Second, Kurtz remembers asking Benson at the end of the day, "How do you know so much?" He continues, "I'll never forget this because I use it as a concept all the time with people. He looked at me and took his thumb and his index finger and he put them maybe two inches apart, and he said, ‘I know everything about this much.' The idea of being a jack-of-all-trades versus knowing everything about something was a really interesting concept to learn early in my career. And as I spent more time in the industry ... I didn't want to try to be a little bit of this and a little bit of that. And you could always move your fingers out a little more, go out four inches, six inches, maybe 10 inches ... knowing everything about whatever this much is, was a great concept. That's who Benson thought he was."
The other Boardroom consultant who influenced Kurtz's approach to direct marketing is another circulation wizard, Gordon Grossman.

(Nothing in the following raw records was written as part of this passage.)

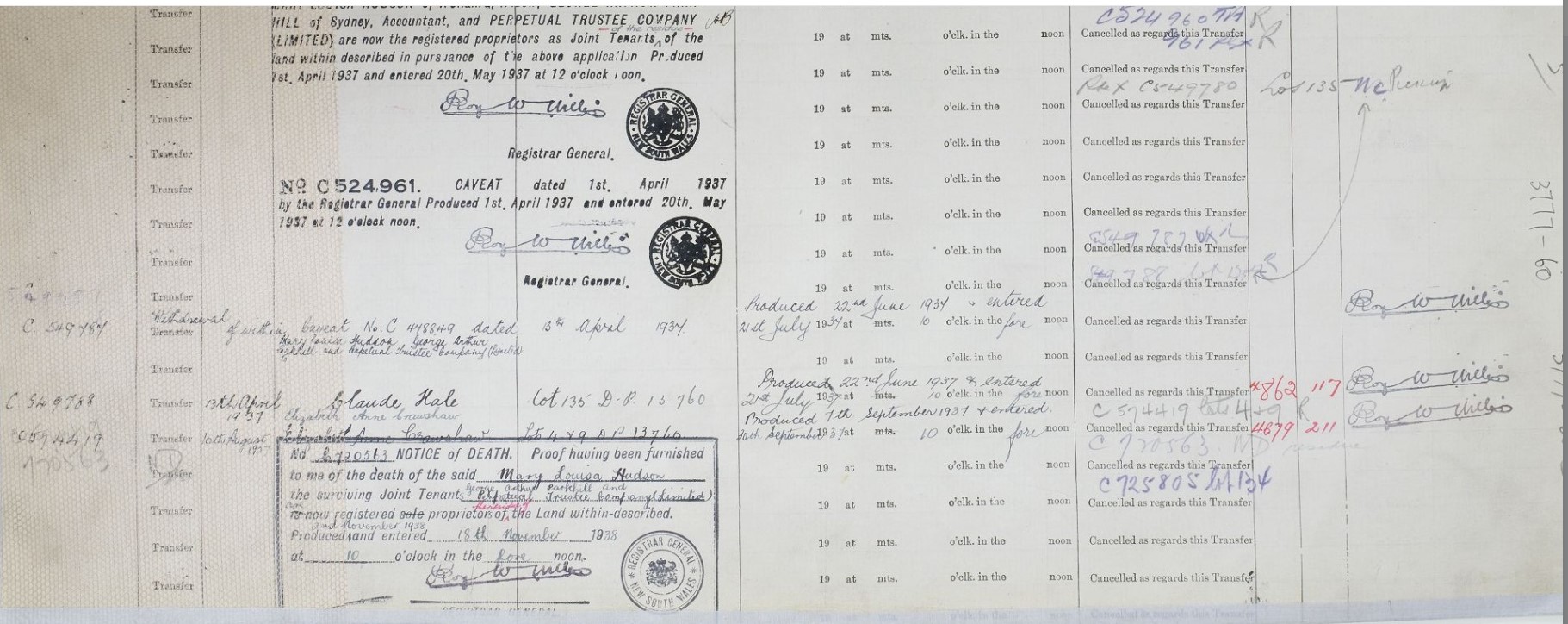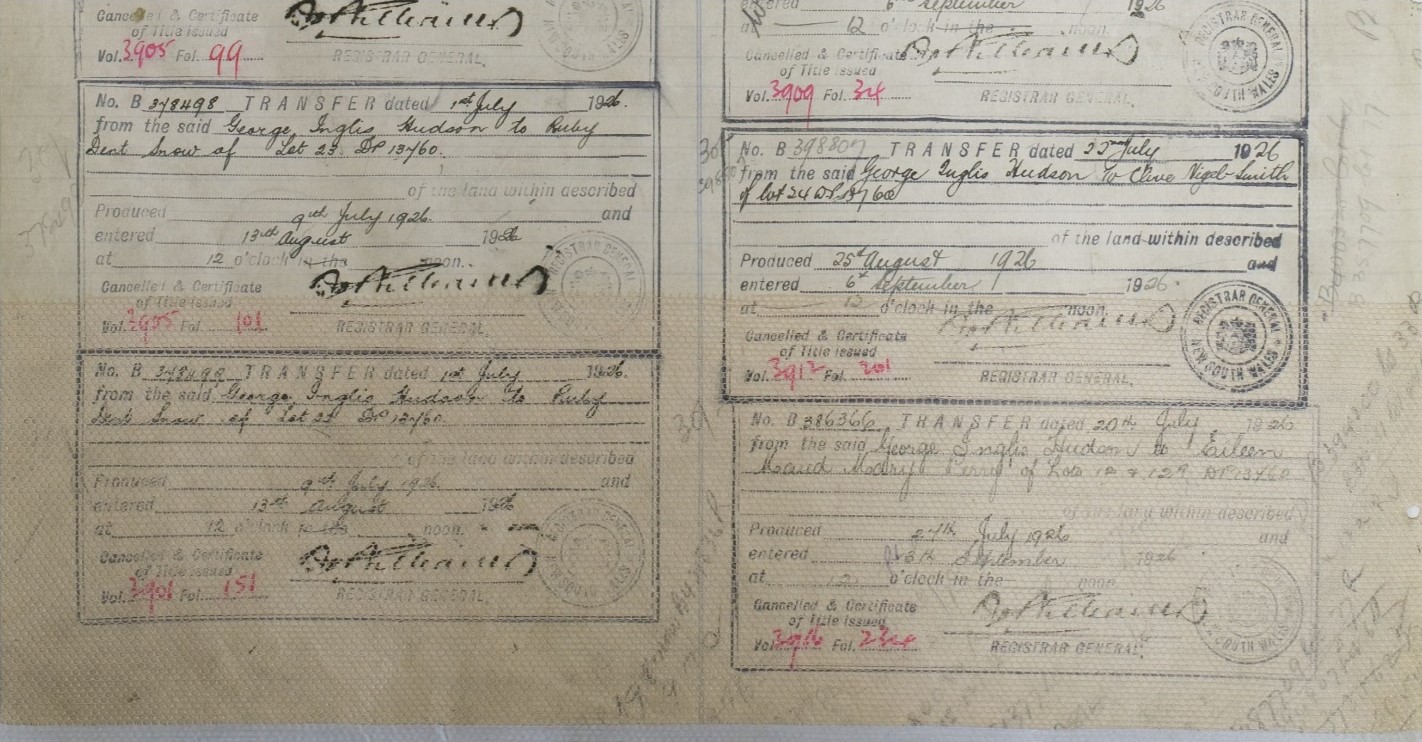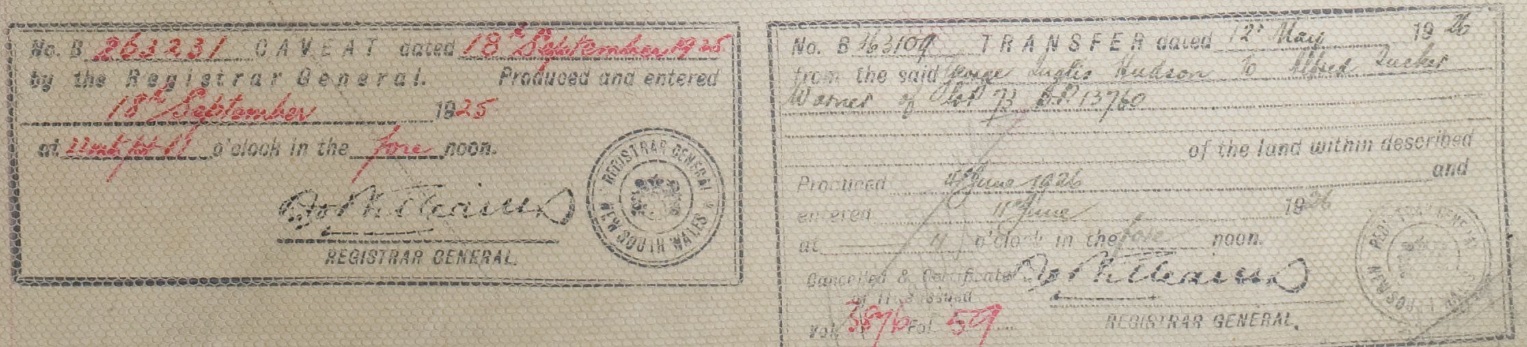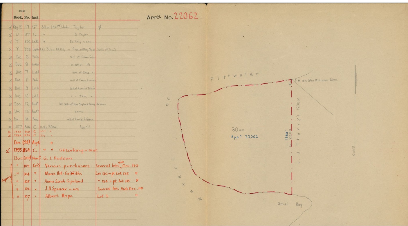 Primary Application - Sydney Robert Lorking and Henry Green - 36 acres at Pittwater in Shire Warringah Parish Narrabeen County Cumberland Volume 3777 Folio 60 Date range: 14/07/1919 to 17/09/1920. Item Number Or Control Symbol: PA 22062 – George Hudson's Certificate of Title was registered in 1925 - it encompassed Taylors Point and was surveyed as being 36 acres.
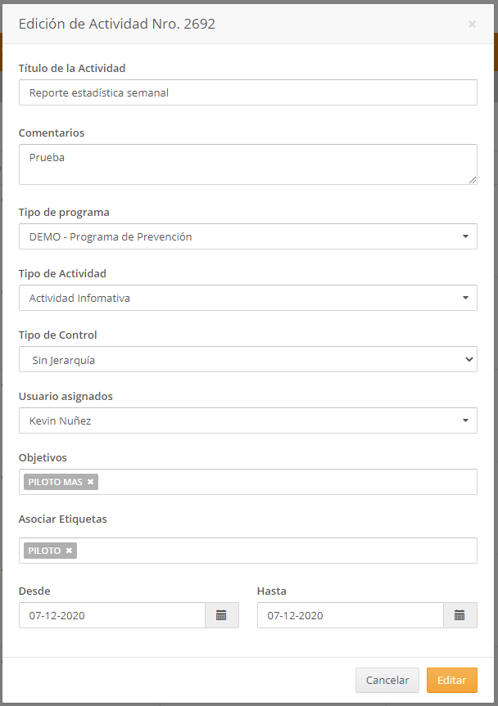- Se abrirá una ventana modal mostrando el ID de la actividad y su configuración actual. Realice los cambios necesarios en los campos proporcionados.
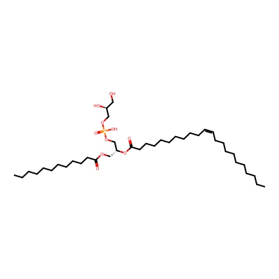 | CCSBASE_FBBEE97821 | PG(34:0) | [M+Na]+ | 773.524 | 282.2 | CCCCCCCCCCCCCCCCCCCC(=O)OC[C@H](COP(=O)(O)OC[C@H](CO)O)OC(=O)CCCCCCCCCCCCC | Lipids and lipid-like molecules | 1 | 5 | TW | calibrated with phosphatidylcholines (ESI+) and phosphatidylethanolamines (ESI-) | |
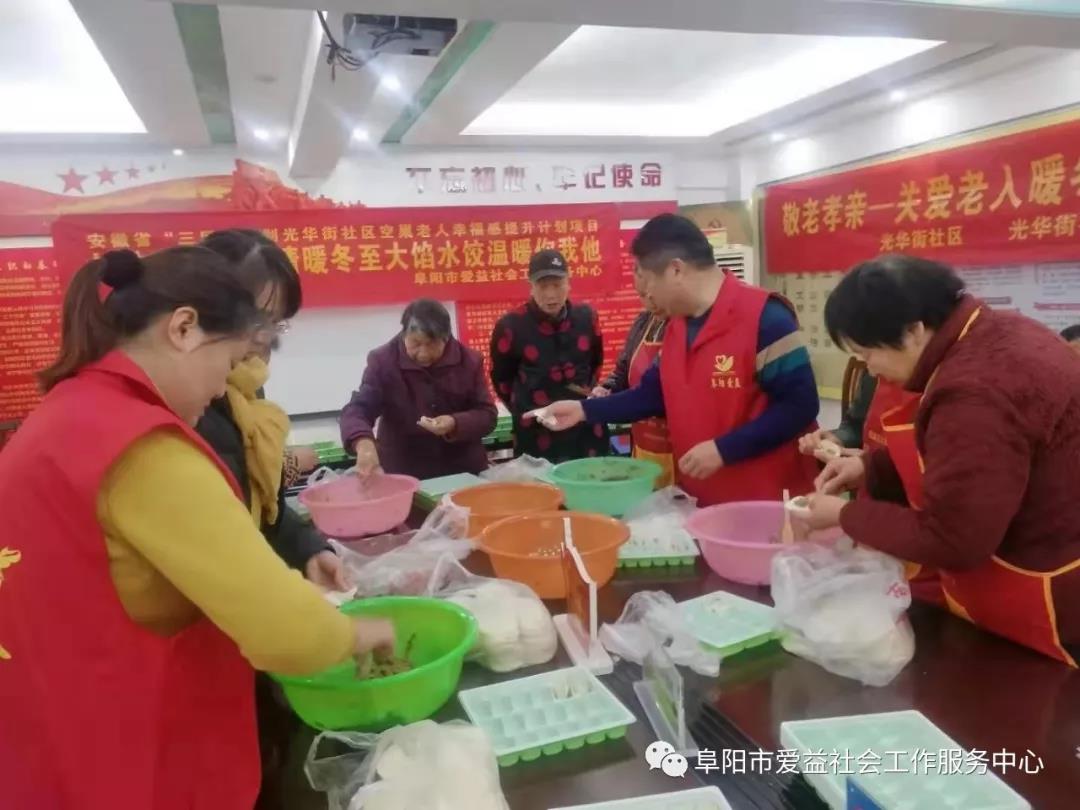 本站阜阳讯(李文标)近日。爱益社工提前两天,安排在星期五的下午,在光华街社区会议室举办了包饺子送老人温暖你我他活动。
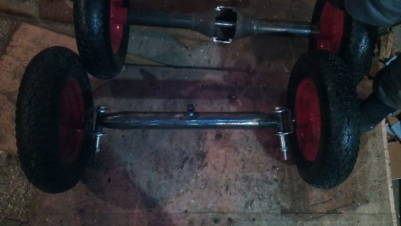 Поехал в стройматериалы купил 4 колёса для садовой тачки на подшипниках. Профильная труба 15х30 у меня была. Товарищ дал пруток ф20мм 2м, купил ступичные гайки от классики 20х1.5, что-то было в гаражном хламе.
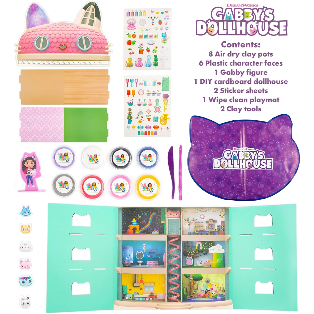 This Gabby's Dollhouse Set Is not just a Dollhouse, It's a complete craft Kit For kids. Bring out your child's creativity with air dry clay and modelling tools included for endless fun. The doll's house adds an extra layer of fun serving as both a playhouse and a canvas for your child creations. Decorate the house with crafted clay furniture, or create tiny clay inhabitants.

While at The Reader's Digest Association, Grossman pioneered many firsts in direct marketing: He was the first person to use regression analysis, mass personalization and a sweepstakes in direct mail campaigns-techniques that are all standard practice today. It was Grossman who convinced Kurtz and Edelston they needed to invest in the database marketing infrastructure to handle analytics such as modeling and segmentation. Kurtz remembers, "Gordon sent us a memo right around when I hired him in 1989 or 1990, which contained a comment like, ‘If you're not in database marketing, Brian and Boardroom, you're out of business in 10 years.' It was like getting scared straight."
Kurtz gives credit to Grossman for helping Boardroom become a state-of-the-art database marketing operation, and also to Edelston for seeing the value this investment would deliver in the future.